Against this backdrop, in 2005 the forward-thinking Kahle launched the Open Content Alliance (OCA). An alternative scan plan to Google's controversial library project, Kahle's vision of putting books online embraces the values of openness central to librarianship and vital to the work of libraries.

“The OCA is universities, public libraries, and commercial companies all working together to build something in the tradition of the Internet,” he explains, “as opposed to a locked-down corporate enterprise, like some of the alternatives.”

OCA now counts 40 members and “regional scanning centers” in six cities scanning up to 12,000 books a month, over four million pages. For 10¢ a page, Kahle says, the OCA can now bring public domain books and other materials online, nondestructively, and offer them to the world. And unlike Google's plan, there are no restrictions on public domain books scanned by OCA members. Users are not forced to use proprietary interfaces; OCA scans are not hidden from rival search engines.

Of course, the nonprofit OCA's scanning pace, although increasing, lags behind its well-funded commercial competition, which has Kahle concerned. With commercial web services now performing so many tasks once performed by librarians, what would it mean if access to books also came to be dominated by commercial services?

“If we lose books,” Kahle says bluntly, “no matter what we do with born digital material or web pages, RSS feeds, blogs, whatever, it will all come to naught.”

LJ recently visited with Kahle in San Francisco to get his take on the challenges of getting books on the web, the progress of the Open Content Alliance, and the intertwined future of books and libraries.

LJ: We hear so often that, for many, if it isn't online, it doesn't exist. Is this part of what inspired you to turn to books?

BK: Books are the heart of the library. For thousands of years, humans have been putting their knowledge in books to pass on for future generations. So, yes, we have to have these materials in digital form, and we have to make them accessible in such a way that we can continue to have a library system like the one, frankly, that many of us grew up enjoying, where we can access and use these materials in new and different ways, as an engine for research, learning, and discovery, even if in ways not originally intended. So far, I think we have been negligent in our responsibility to perform this task. Not because we don't have the materials, but because we haven't put them into the formats new generations expect.

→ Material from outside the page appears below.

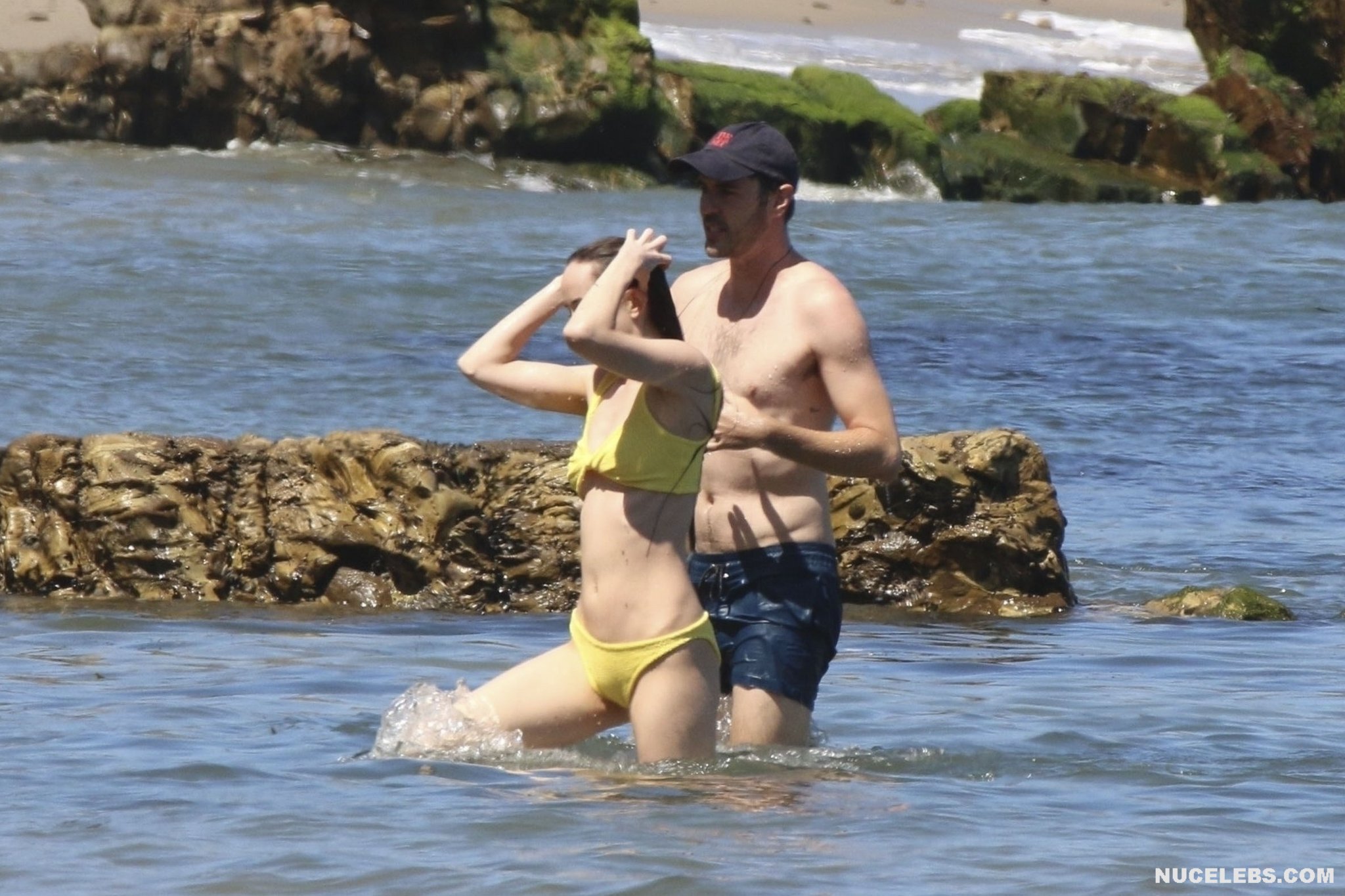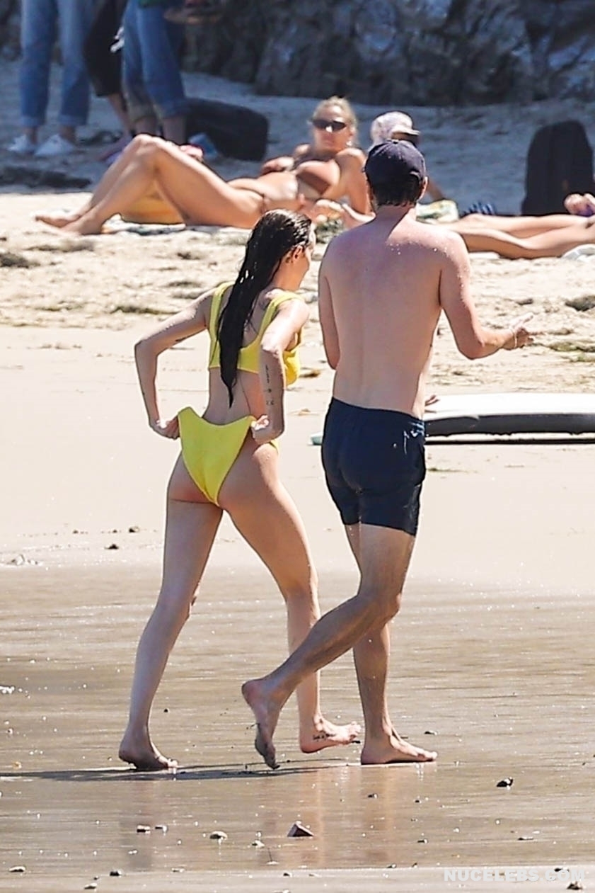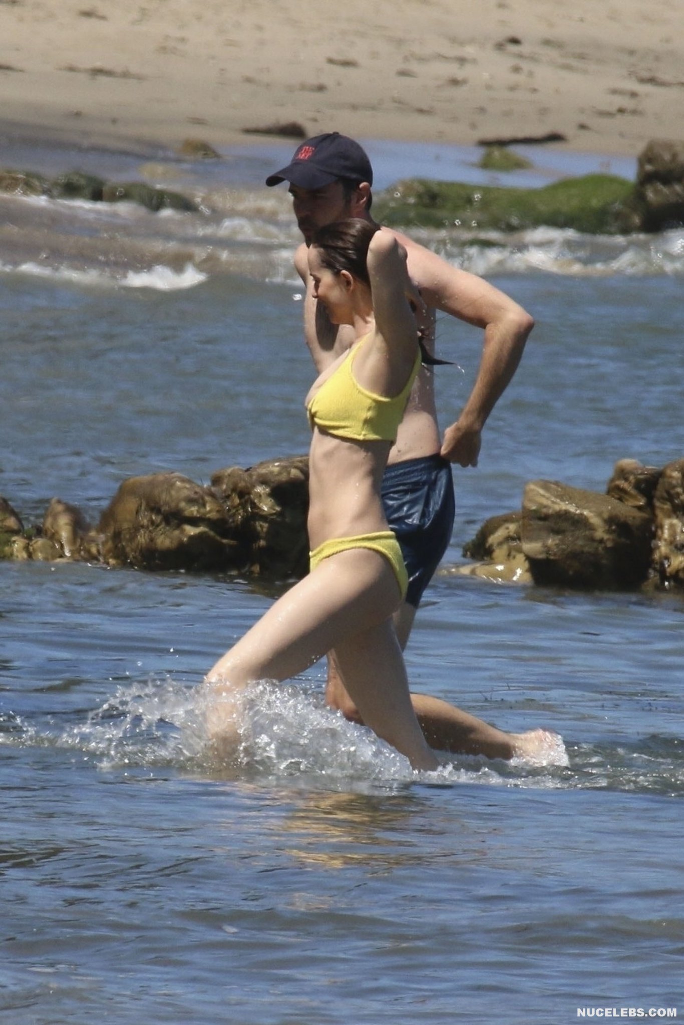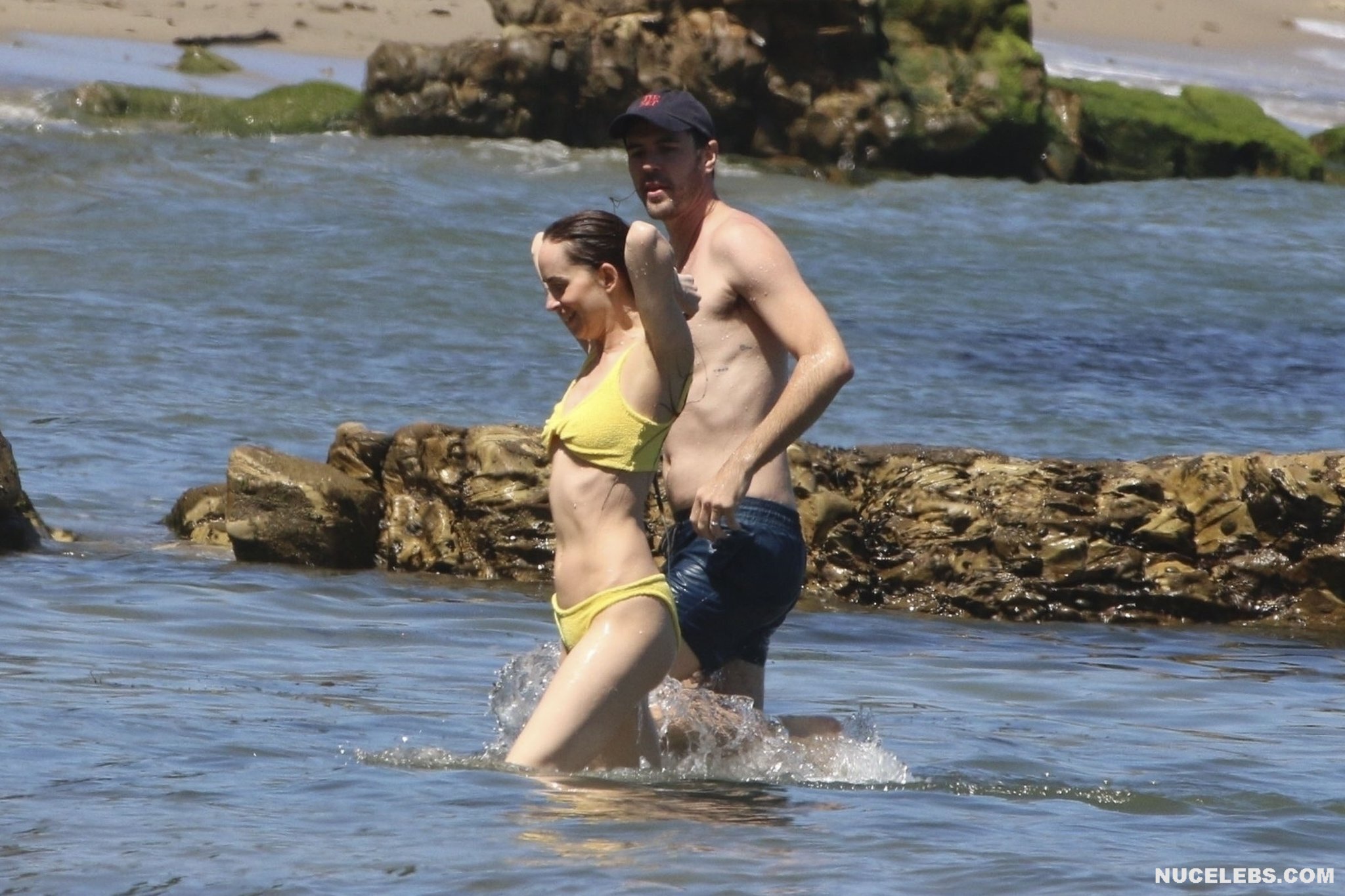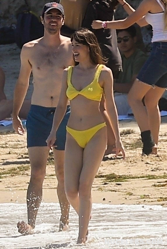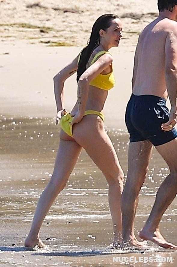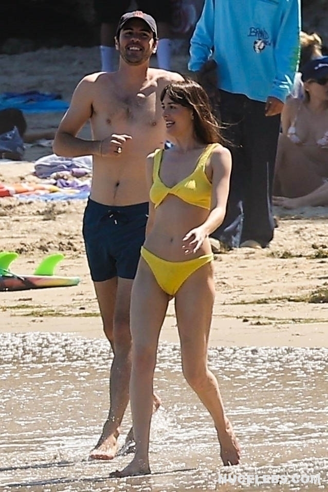 Dakota Johnson is exceptionally skilled as an actress and has a magnificent figure to boot. You’ll be captivated when you see her stunning beach photos. Paparazzi photographed her as she emerged from the water. The wet yellow bikini seemed to be sliding a little off her slender figure. So Dakota Johnson periodically pulled up her miniature panties, which were trying to slide down her sweet booty!

You've been critical of Google's library partnerships. What is Google doing right and/or wrong?

Two problems: one is perpetual restrictions on the public domain. Another is that these negotiations are all going on in secret. It shouldn't take a subpoena to get information from a librarian. But in this new world order, both perpetual restrictions and gag orders are being put in place on libraries by a corporate enterprise. The idea of making all books accessible online in new and different ways is all good news. But if you do this in a way that the materials that have been housed in libraries for centuries are made available only through one corporate interface, that is an Orwellian future.

Are you surprised to see libraries signing up with Google under restrictive terms?

I'm not surprised that a corporation wants to be the only place someone can get information, and I was not terribly surprised that some libraries went forward with this before they understood how they could do it on their own and how much it would cost to do it for themselves, not only to do the digitization but also to create services around these collections. I was surprised to see more libraries jumping on the Google bandwagon after demonstrating how libraries can do this and after actually doing it with the Open Content Alliance.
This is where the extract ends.